Magma movement from Nāpau down to Leilani Triggered the 4th May 2018 Mw 7.0 Hawaii earthquake
Kejie Chen, Jonathan D. Smith, Jean-Philippe Avouac, Zhen Liu, & Song Y. TonyPublished August 15, 2018, SCEC Contribution #8664, 2018 SCEC Annual Meeting Poster #286
On 4th May 2018, a Mw 7.0 earthquake struck the south flank of Kīlauea, Hawaii, where volcanic activities have aggravated since late April. To investigate the possible cause-and-effect relationship between the magma movement and this earthquake, we have determined a co-seismic slip model based on geodetic, seismic and tsunami records and explored its relationship to the preceding stress evolution determined from modeling GPS time series from June 2012 to 20th April 2018. The Kilauea and Mauna Loa summits inflated at ~0.01 km3/yr, ~0.005 km3/yr, respectively, over that time period forcing ~25 cm/yr of seaward creep on the basal decollement beneath the southern flank of Mauna Loa.
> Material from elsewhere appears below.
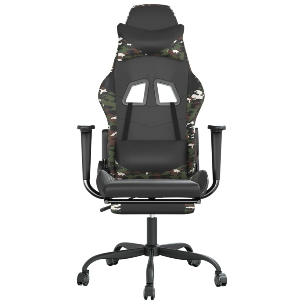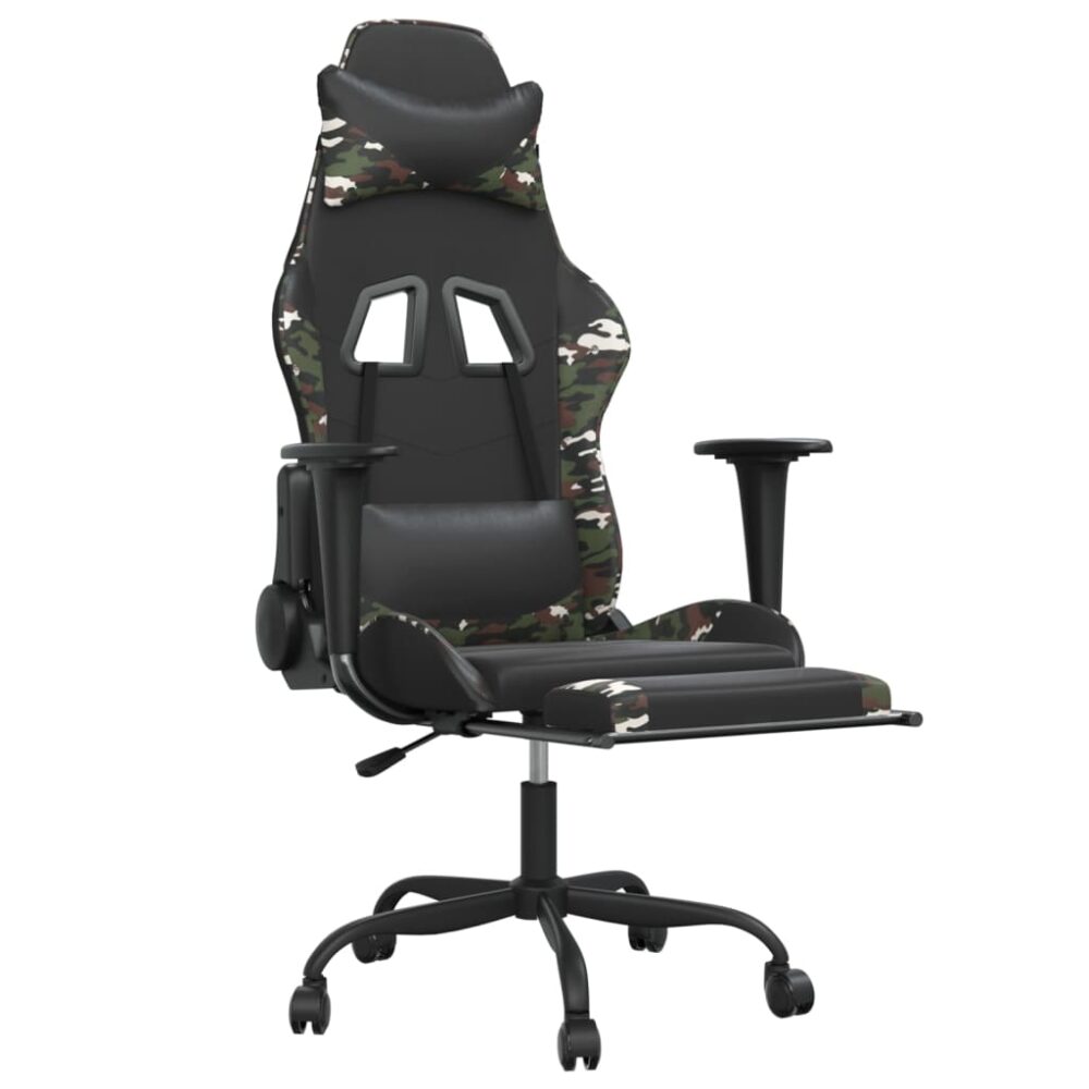 Cadeira gaming massagens apoio pés couro artif preto/camuflagem - PORTES GRÁTIS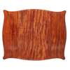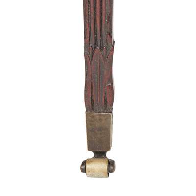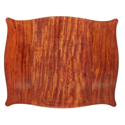 the shaped top with a moulded edge above a serpentine frieze drawer to one end, a dummy drawer opposing, raised on slender reeded square tapered legs headed by inlaid fan medallions and ending in foliate carved feet with brass caps and castors

GPS and InSAR measurements from 20th April to 4th May 2018 imply opening by about 1 m of a 45 km long dyke. The dyke extends from Nāpau Crater, where it lies at depth between ~4 km and 8 km, to Leilani Estates, where it surfaces and where the eruption commenced. The magmatic inflation, dyking and creep on the decollement resulted in a U-shaped zone of stress unloading, fringed by a zone of stress build up which guided the rupture during the Mw 7.0 earthquake.
Citation
Chen, K., Smith, J., Avouac, J., Liu, Z., & Y. Tony, S. (2018, 08). Magma movement from Nāpau down to Leilani Triggered the 4th May 2018 Mw 7.0 Hawaii earthquake. Poster Presentation at 2018 SCEC Annual Meeting.